* TASK DESCRIPTION
Return every record in full. Match each one exactly.

[Opening DATA SHOWN section]

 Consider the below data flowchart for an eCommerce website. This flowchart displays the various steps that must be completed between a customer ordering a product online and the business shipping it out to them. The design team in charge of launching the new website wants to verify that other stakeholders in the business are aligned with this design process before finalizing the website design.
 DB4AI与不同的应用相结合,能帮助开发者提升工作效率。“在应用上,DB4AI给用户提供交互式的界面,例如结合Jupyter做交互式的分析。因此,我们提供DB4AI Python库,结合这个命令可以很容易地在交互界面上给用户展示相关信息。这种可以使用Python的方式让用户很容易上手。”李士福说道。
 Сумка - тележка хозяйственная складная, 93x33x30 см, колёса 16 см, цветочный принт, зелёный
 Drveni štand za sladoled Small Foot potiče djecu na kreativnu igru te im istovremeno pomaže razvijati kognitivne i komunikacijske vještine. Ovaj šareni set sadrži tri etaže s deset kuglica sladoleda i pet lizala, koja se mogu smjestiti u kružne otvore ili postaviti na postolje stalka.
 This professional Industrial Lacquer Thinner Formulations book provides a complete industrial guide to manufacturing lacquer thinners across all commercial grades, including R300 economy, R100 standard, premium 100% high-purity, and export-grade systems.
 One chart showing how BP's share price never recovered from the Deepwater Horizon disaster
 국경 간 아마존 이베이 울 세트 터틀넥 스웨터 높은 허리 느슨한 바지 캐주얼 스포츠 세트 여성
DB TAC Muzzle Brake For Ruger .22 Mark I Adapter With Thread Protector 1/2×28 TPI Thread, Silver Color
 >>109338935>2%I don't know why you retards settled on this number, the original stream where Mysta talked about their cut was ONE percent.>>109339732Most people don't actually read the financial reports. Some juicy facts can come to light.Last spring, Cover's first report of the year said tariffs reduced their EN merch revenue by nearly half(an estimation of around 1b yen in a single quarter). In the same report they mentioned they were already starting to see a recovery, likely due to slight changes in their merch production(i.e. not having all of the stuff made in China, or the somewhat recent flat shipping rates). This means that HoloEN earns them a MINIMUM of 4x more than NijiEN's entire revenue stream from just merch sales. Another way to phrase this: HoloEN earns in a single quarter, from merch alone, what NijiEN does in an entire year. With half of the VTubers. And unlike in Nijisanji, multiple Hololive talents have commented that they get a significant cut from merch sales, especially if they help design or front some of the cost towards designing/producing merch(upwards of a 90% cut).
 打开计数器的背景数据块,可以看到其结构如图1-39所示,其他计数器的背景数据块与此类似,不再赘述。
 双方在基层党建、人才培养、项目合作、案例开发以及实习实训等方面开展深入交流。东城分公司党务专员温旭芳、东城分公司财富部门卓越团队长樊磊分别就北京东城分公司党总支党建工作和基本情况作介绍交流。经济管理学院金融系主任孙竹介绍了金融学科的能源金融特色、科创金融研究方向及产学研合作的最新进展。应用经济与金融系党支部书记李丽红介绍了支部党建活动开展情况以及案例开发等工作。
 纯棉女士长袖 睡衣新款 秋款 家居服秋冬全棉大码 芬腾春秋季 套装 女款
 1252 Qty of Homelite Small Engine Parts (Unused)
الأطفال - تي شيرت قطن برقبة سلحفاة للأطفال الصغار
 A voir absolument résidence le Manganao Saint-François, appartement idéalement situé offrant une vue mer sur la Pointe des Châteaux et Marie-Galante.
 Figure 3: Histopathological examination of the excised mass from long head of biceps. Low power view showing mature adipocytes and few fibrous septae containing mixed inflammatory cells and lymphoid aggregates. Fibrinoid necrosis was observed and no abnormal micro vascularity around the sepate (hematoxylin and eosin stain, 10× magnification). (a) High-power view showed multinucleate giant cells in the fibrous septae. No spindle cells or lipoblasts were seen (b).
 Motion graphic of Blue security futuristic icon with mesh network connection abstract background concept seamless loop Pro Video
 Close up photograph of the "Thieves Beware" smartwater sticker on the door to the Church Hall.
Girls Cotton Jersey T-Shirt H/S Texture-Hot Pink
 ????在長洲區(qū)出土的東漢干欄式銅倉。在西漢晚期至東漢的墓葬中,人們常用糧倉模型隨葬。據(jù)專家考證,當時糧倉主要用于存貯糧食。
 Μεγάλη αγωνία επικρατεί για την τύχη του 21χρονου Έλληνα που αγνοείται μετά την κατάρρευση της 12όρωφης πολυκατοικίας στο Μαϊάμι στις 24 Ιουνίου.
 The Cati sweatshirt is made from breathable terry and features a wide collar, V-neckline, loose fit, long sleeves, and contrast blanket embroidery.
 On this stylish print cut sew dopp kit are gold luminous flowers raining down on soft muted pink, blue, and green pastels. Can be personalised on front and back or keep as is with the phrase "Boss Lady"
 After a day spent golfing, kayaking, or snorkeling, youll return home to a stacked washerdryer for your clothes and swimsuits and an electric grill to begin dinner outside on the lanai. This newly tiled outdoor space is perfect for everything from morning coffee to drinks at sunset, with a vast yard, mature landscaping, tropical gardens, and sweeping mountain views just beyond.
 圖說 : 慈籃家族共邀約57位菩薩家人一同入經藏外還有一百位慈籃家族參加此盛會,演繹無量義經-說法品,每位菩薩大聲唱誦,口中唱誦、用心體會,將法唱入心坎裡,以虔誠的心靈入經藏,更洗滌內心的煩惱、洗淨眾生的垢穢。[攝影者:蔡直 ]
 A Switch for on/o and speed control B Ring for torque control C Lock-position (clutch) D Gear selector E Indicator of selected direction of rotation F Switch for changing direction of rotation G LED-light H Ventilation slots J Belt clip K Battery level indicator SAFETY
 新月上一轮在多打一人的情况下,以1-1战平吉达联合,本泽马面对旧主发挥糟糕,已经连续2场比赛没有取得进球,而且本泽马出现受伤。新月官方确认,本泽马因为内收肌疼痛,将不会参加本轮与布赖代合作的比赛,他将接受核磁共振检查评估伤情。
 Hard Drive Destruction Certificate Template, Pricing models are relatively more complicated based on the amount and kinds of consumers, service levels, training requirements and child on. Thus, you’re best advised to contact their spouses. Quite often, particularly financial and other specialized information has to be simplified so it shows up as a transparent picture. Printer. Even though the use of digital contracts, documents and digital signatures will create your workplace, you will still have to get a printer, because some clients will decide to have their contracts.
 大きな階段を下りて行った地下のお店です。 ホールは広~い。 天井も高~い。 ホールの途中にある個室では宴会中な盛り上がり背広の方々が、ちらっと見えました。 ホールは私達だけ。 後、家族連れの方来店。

[Closing DATA SHOWN section]

* OUTPUT OF THE TASK
 Consider the below data flowchart for an eCommerce website. This flowchart displays the various steps that must be completed between a customer ordering a product online and the business shipping it out to them. The design team in charge of launching the new website wants to verify that other stakeholders in the business are aligned with this design process before finalizing the website design.
 DB4AI与不同的应用相结合,能帮助开发者提升工作效率。“在应用上,DB4AI给用户提供交互式的界面,例如结合Jupyter做交互式的分析。因此,我们提供DB4AI Python库,结合这个命令可以很容易地在交互界面上给用户展示相关信息。这种可以使用Python的方式让用户很容易上手。”李士福说道。
 Сумка - тележка хозяйственная складная, 93x33x30 см, колёса 16 см, цветочный принт, зелёный
 Drveni štand za sladoled Small Foot potiče djecu na kreativnu igru te im istovremeno pomaže razvijati kognitivne i komunikacijske vještine. Ovaj šareni set sadrži tri etaže s deset kuglica sladoleda i pet lizala, koja se mogu smjestiti u kružne otvore ili postaviti na postolje stalka.
 This professional Industrial Lacquer Thinner Formulations book provides a complete industrial guide to manufacturing lacquer thinners across all commercial grades, including R300 economy, R100 standard, premium 100% high-purity, and export-grade systems.
 One chart showing how BP's share price never recovered from the Deepwater Horizon disaster
 국경 간 아마존 이베이 울 세트 터틀넥 스웨터 높은 허리 느슨한 바지 캐주얼 스포츠 세트 여성
DB TAC Muzzle Brake For Ruger .22 Mark I Adapter With Thread Protector 1/2×28 TPI Thread, Silver Color
 >>109338935>2%I don't know why you retards settled on this number, the original stream where Mysta talked about their cut was ONE percent.>>109339732Most people don't actually read the financial reports. Some juicy facts can come to light.Last spring, Cover's first report of the year said tariffs reduced their EN merch revenue by nearly half(an estimation of around 1b yen in a single quarter). In the same report they mentioned they were already starting to see a recovery, likely due to slight changes in their merch production(i.e. not having all of the stuff made in China, or the somewhat recent flat shipping rates). This means that HoloEN earns them a MINIMUM of 4x more than NijiEN's entire revenue stream from just merch sales. Another way to phrase this: HoloEN earns in a single quarter, from merch alone, what NijiEN does in an entire year. With half of the VTubers. And unlike in Nijisanji, multiple Hololive talents have commented that they get a significant cut from merch sales, especially if they help design or front some of the cost towards designing/producing merch(upwards of a 90% cut).
 打开计数器的背景数据块,可以看到其结构如图1-39所示,其他计数器的背景数据块与此类似,不再赘述。
 双方在基层党建、人才培养、项目合作、案例开发以及实习实训等方面开展深入交流。东城分公司党务专员温旭芳、东城分公司财富部门卓越团队长樊磊分别就北京东城分公司党总支党建工作和基本情况作介绍交流。经济管理学院金融系主任孙竹介绍了金融学科的能源金融特色、科创金融研究方向及产学研合作的最新进展。应用经济与金融系党支部书记李丽红介绍了支部党建活动开展情况以及案例开发等工作。
 纯棉女士长袖 睡衣新款 秋款 家居服秋冬全棉大码 芬腾春秋季 套装 女款
 1252 Qty of Homelite Small Engine Parts (Unused)
الأطفال - تي شيرت قطن برقبة سلحفاة للأطفال الصغار
 A voir absolument résidence le Manganao Saint-François, appartement idéalement situé offrant une vue mer sur la Pointe des Châteaux et Marie-Galante.
 Figure 3: Histopathological examination of the excised mass from long head of biceps. Low power view showing mature adipocytes and few fibrous septae containing mixed inflammatory cells and lymphoid aggregates. Fibrinoid necrosis was observed and no abnormal micro vascularity around the sepate (hematoxylin and eosin stain, 10× magnification). (a) High-power view showed multinucleate giant cells in the fibrous septae. No spindle cells or lipoblasts were seen (b).
 Motion graphic of Blue security futuristic icon with mesh network connection abstract background concept seamless loop Pro Video
 Close up photograph of the "Thieves Beware" smartwater sticker on the door to the Church Hall.
Girls Cotton Jersey T-Shirt H/S Texture-Hot Pink
 ????在長洲區(qū)出土的東漢干欄式銅倉。在西漢晚期至東漢的墓葬中,人們常用糧倉模型隨葬。據(jù)專家考證,當時糧倉主要用于存貯糧食。
 Μεγάλη αγωνία επικρατεί για την τύχη του 21χρονου Έλληνα που αγνοείται μετά την κατάρρευση της 12όρωφης πολυκατοικίας στο Μαϊάμι στις 24 Ιουνίου.
 The Cati sweatshirt is made from breathable terry and features a wide collar, V-neckline, loose fit, long sleeves, and contrast blanket embroidery.
 On this stylish print cut sew dopp kit are gold luminous flowers raining down on soft muted pink, blue, and green pastels. Can be personalised on front and back or keep as is with the phrase "Boss Lady"
 After a day spent golfing, kayaking, or snorkeling, youll return home to a stacked washerdryer for your clothes and swimsuits and an electric grill to begin dinner outside on the lanai. This newly tiled outdoor space is perfect for everything from morning coffee to drinks at sunset, with a vast yard, mature landscaping, tropical gardens, and sweeping mountain views just beyond.
 圖說 : 慈籃家族共邀約57位菩薩家人一同入經藏外還有一百位慈籃家族參加此盛會,演繹無量義經-說法品,每位菩薩大聲唱誦,口中唱誦、用心體會,將法唱入心坎裡,以虔誠的心靈入經藏,更洗滌內心的煩惱、洗淨眾生的垢穢。[攝影者:蔡直 ]
 A Switch for on/o and speed control B Ring for torque control C Lock-position (clutch) D Gear selector E Indicator of selected direction of rotation F Switch for changing direction of rotation G LED-light H Ventilation slots J Belt clip K Battery level indicator SAFETY
 新月上一轮在多打一人的情况下,以1-1战平吉达联合,本泽马面对旧主发挥糟糕,已经连续2场比赛没有取得进球,而且本泽马出现受伤。新月官方确认,本泽马因为内收肌疼痛,将不会参加本轮与布赖代合作的比赛,他将接受核磁共振检查评估伤情。
 Hard Drive Destruction Certificate Template, Pricing models are relatively more complicated based on the amount and kinds of consumers, service levels, training requirements and child on. Thus, you’re best advised to contact their spouses. Quite often, particularly financial and other specialized information has to be simplified so it shows up as a transparent picture. Printer. Even though the use of digital contracts, documents and digital signatures will create your workplace, you will still have to get a printer, because some clients will decide to have their contracts.
 大きな階段を下りて行った地下のお店です。 ホールは広~い。 天井も高~い。 ホールの途中にある個室では宴会中な盛り上がり背広の方々が、ちらっと見えました。 ホールは私達だけ。 後、家族連れの方来店。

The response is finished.